BIG / LITTLE problem in Java
1. Solve endian issues: a summary
All things in the Java binaries exist in the form of Big-Endian, high byte priority, which is sometimes referred to as network order. This is a good news that if you only use Java. All files are processed in the same manner on all platforms (Mac, PC, Solaris, etc.). Binary data can be freely switched, in electronic form on the Internet, or on the floppy disk without considering the endian problem. The problem is that there will be some problems when you exchange data files with programs written in Java. Because these programs are used in the Little-Endian order, the C language usually used on the PC. Some platforms use BIG-Endian bytes (Mac, IBM390) inside; some platforms use the Little-Endian Byte Order (Intel). Java concealed the endian problem to the user.
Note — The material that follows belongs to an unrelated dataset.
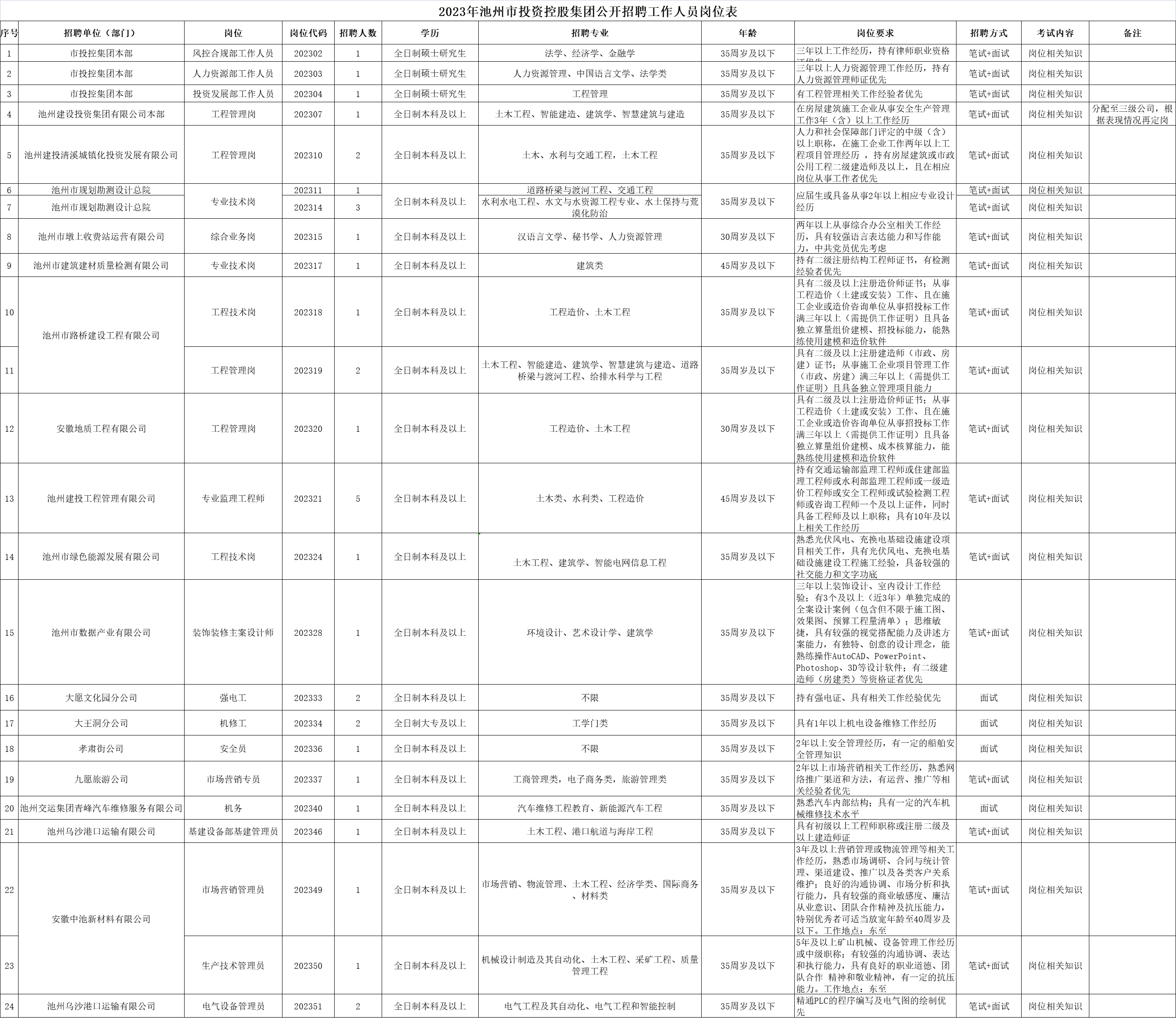 2023年池州市投資控股集團公開招聘報名工作即將結束,截止2023年9月15日20:00,共有24個職位35個計劃招聘數(shù)暫時無人報考或達不到開考比例,如2023年9月17日24:00報名時間截止前仍達不到開考比例,將核減或取消該崗位招聘計劃。有意向報名人員請登陸池州人事考試網(wǎng)(http://rskszx.czsrsj.chizhou.gov.cn)報名,審核未通過人員可改報其他符合條件崗位。

In binary, there is no split between the domains, the file is a binary, unreadable ASCII. If the data you want to read is not a standard format, usually prepared by a non-Java program. Can be used by four options:
1). Override the output of the input file. It can directly output a BIG-Endian byte stream DataOutputStream or a character DataOutputSream format.
2) Write an independent translation program, read and arrange bytes. Can be written in any language.
3) Read data in bytes and rearrange them (on the fly).
4). The easiest way is to use the LEDATAINPUTSTREAM, LEDATAOUTSTREAM, and LERANDOMACCESSFILE to simulate DataInputStream, DataOutputStream and RandomaccessFile, which use the Little-Endian byte stream. You can read About LedatastReam. You can download the code and source free. You can get help from the file you how to use the classes. Just tell it you have limited - endian binary data.
2. You may not even have any problems.
Many Java newers from C may consider that the BIG is still useful in the platform that needs to be considered. This is not a problem in Java. Further, you can't know how they are stored in this category. .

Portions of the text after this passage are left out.